Task statement. The reply is to be the lines from the one with "Cuffnells, an East" through the last line of the records below, each retyped exactly, with pictures left out.

● ● ● ●

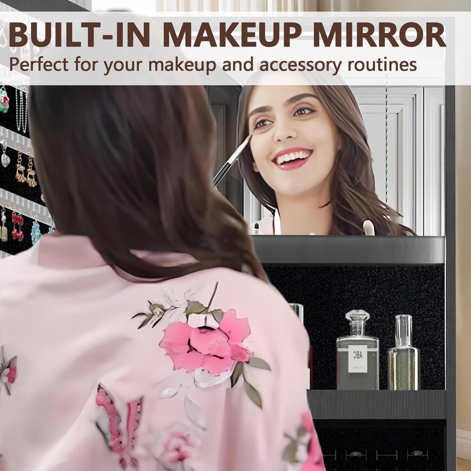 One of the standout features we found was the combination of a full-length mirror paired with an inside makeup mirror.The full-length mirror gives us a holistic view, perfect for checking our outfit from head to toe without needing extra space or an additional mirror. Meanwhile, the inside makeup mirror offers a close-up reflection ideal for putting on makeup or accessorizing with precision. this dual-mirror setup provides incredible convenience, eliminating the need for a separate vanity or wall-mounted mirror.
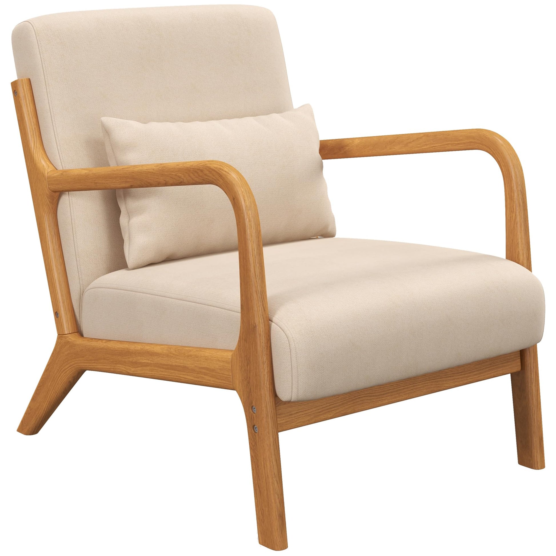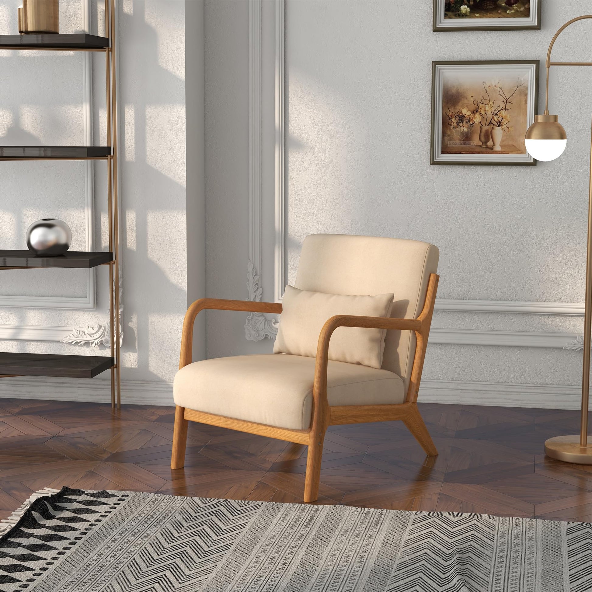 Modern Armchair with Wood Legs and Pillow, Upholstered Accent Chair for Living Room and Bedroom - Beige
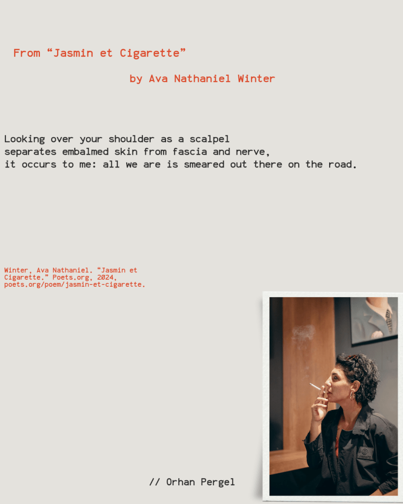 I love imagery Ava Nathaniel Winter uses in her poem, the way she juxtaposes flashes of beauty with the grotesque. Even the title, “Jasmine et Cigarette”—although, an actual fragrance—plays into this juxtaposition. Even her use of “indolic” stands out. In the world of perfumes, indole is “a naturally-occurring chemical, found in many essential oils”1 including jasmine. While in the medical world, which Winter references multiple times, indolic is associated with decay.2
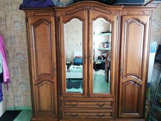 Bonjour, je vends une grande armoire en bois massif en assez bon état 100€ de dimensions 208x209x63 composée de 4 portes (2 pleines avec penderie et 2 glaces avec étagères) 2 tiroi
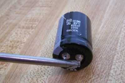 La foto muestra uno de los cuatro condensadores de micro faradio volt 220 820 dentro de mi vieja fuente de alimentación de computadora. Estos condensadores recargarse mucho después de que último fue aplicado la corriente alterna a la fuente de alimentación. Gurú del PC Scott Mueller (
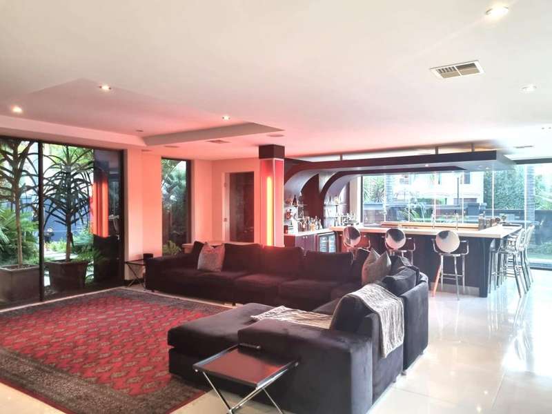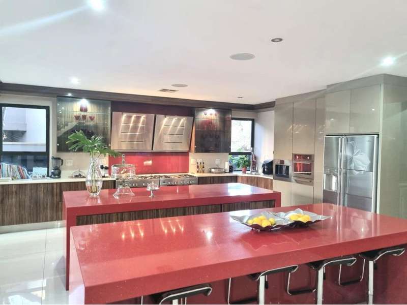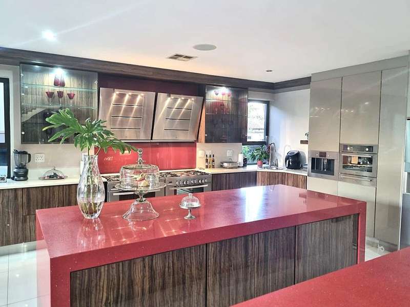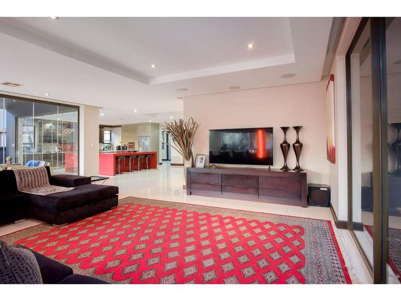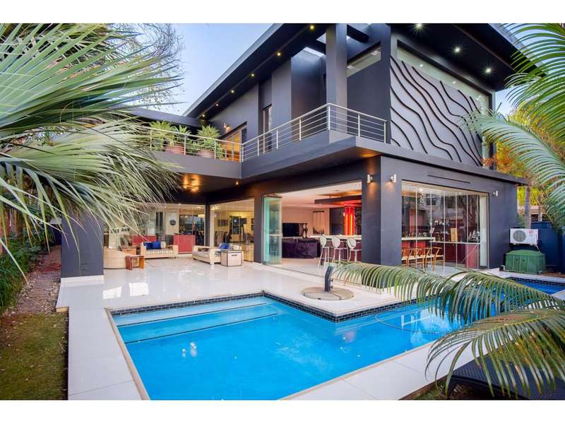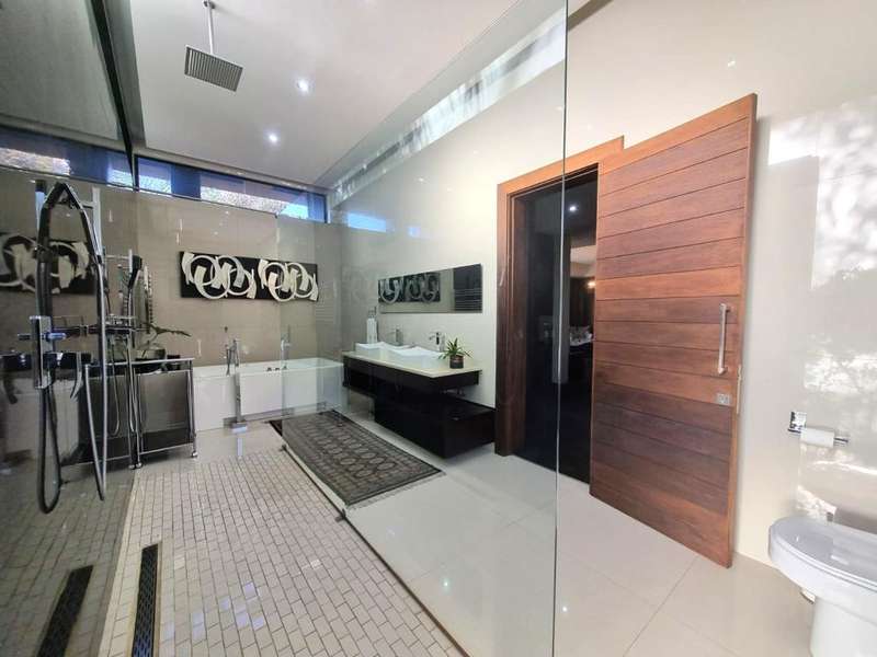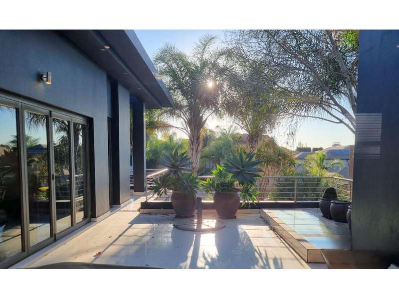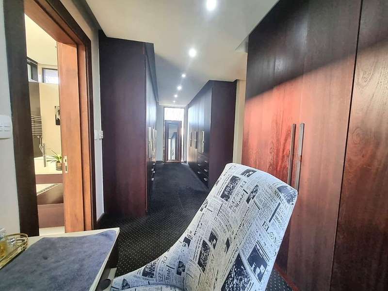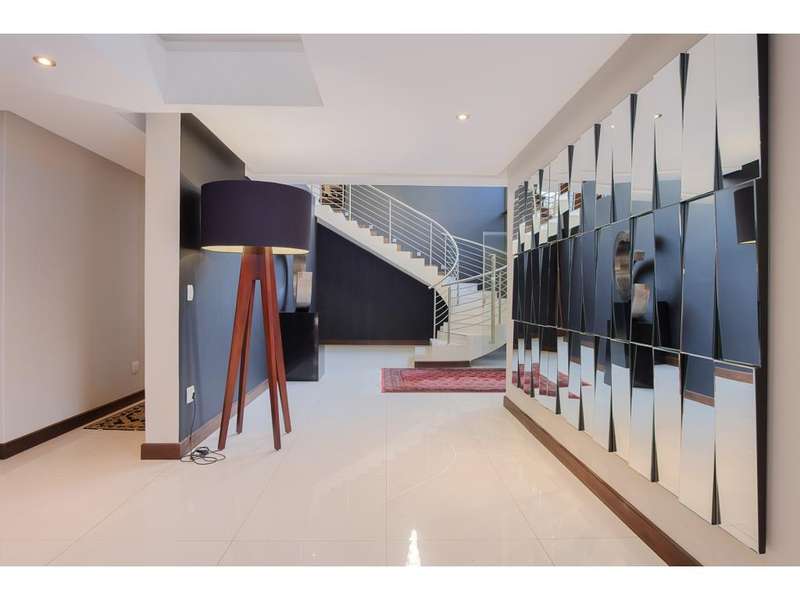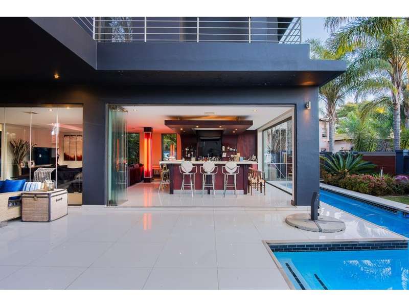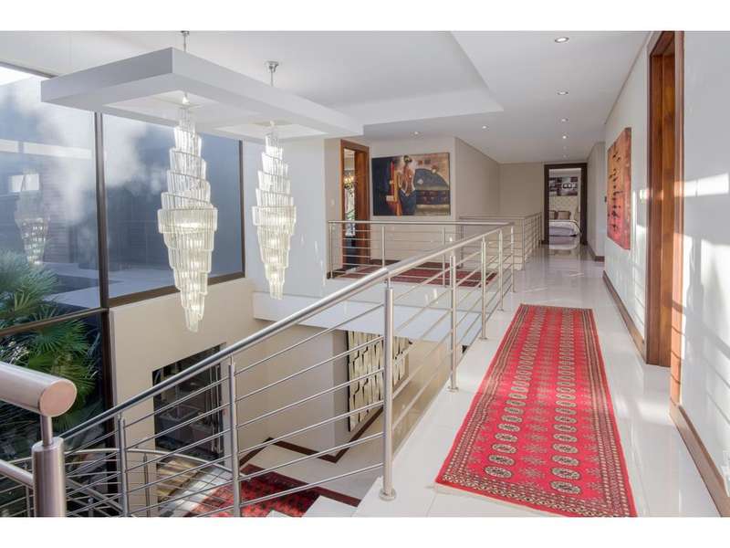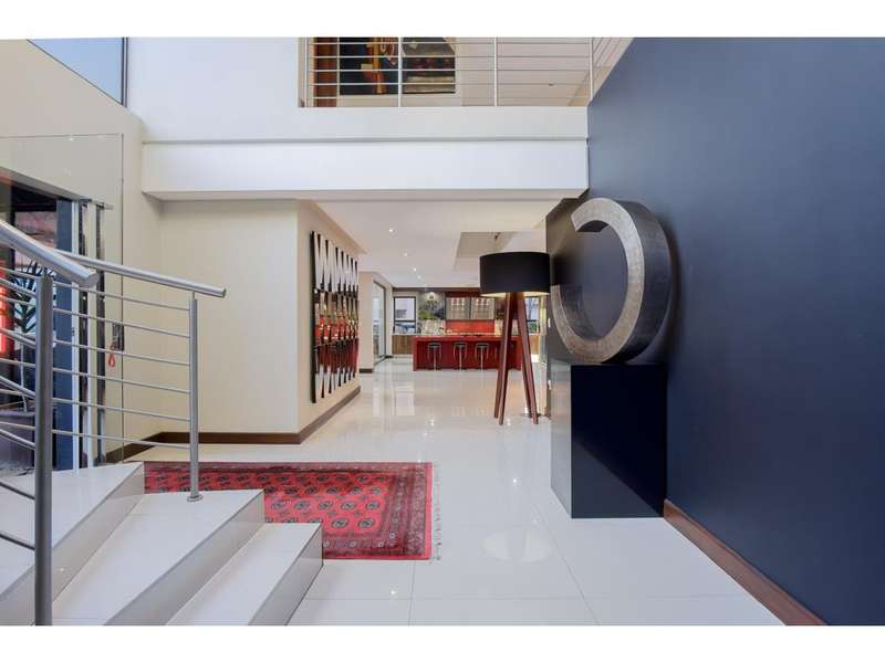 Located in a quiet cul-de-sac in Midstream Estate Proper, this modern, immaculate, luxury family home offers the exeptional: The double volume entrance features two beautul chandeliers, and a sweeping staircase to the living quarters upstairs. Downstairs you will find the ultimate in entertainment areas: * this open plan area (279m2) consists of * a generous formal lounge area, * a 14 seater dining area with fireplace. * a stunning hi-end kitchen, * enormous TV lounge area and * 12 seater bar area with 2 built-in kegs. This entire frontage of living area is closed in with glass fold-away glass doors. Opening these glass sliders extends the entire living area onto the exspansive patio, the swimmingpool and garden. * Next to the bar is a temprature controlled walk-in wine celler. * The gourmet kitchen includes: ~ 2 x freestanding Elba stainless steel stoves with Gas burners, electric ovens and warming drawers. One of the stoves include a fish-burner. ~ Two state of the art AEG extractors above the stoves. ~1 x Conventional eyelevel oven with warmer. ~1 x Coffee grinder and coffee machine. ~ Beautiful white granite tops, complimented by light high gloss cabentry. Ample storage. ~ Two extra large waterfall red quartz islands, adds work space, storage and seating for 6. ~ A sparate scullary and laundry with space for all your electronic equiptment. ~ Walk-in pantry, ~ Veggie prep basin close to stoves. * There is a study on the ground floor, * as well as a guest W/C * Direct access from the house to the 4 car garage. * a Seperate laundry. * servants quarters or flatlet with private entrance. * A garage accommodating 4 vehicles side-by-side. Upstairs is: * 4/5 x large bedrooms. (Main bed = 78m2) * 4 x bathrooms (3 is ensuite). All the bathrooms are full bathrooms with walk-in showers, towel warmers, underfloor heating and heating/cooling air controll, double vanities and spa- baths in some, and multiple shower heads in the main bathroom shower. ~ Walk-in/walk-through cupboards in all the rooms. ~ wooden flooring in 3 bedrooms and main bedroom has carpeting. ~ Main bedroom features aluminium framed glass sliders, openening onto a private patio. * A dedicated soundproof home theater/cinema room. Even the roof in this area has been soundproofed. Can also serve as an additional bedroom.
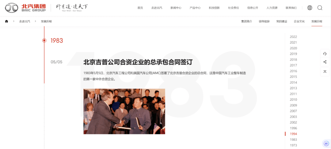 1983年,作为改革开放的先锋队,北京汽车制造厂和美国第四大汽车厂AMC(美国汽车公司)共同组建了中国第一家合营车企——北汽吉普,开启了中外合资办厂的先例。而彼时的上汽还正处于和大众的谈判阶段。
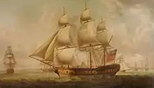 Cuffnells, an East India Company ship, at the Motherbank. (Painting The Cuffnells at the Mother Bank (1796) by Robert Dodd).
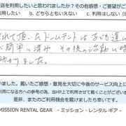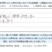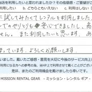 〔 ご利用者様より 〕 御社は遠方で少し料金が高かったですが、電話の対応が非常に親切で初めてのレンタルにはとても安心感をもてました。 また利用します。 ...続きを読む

● ● ● ●

Solution for this problem.
 Cuffnells, an East India Company ship, at the Motherbank. (Painting The Cuffnells at the Mother Bank (1796) by Robert Dodd).
 〔 ご利用者様より 〕 御社は遠方で少し料金が高かったですが、電話の対応が非常に親切で初めてのレンタルにはとても安心感をもてました。 また利用します。 ...続きを読む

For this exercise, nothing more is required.